Dataset excerpts:
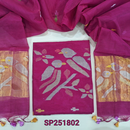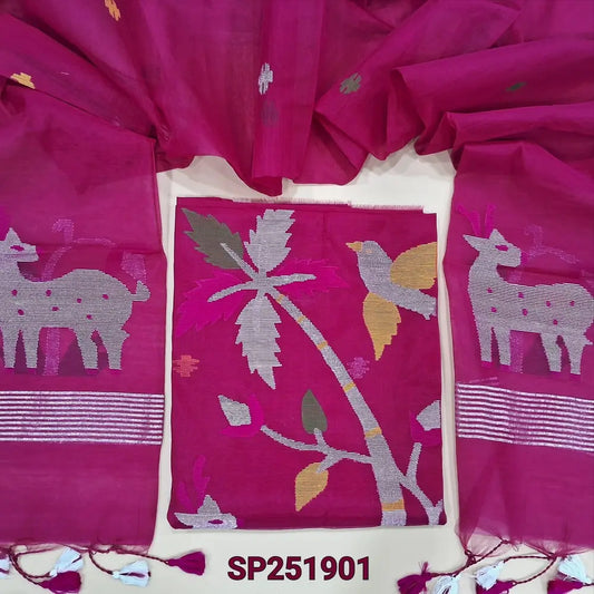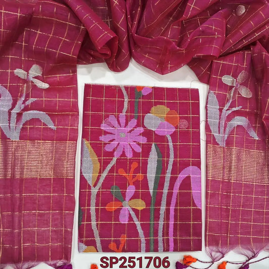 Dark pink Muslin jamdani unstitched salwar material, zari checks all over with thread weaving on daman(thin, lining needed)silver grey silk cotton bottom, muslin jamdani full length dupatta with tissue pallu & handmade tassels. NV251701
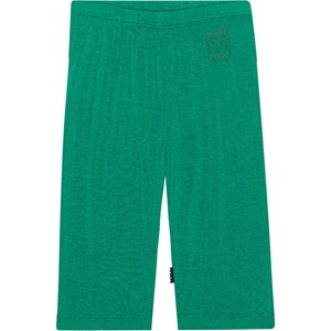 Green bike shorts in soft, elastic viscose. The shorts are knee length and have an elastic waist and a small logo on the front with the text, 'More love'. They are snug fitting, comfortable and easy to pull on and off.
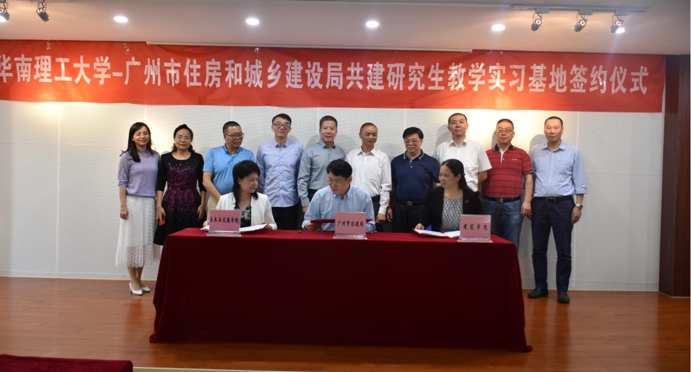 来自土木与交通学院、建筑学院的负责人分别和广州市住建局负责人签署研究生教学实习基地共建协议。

...

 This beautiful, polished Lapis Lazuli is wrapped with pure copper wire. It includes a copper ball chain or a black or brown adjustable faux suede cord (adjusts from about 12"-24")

What needs to be done: Output exactly the lines above, beginning at the one with "Green bike shorts" and stopping after the one with "来自土木与交通学院、建筑学院". Pictures are to be omitted.

Task solution:
 Green bike shorts in soft, elastic viscose. The shorts are knee length and have an elastic waist and a small logo on the front with the text, 'More love'. They are snug fitting, comfortable and easy to pull on and off.
 来自土木与交通学院、建筑学院的负责人分别和广州市住建局负责人签署研究生教学实习基地共建协议。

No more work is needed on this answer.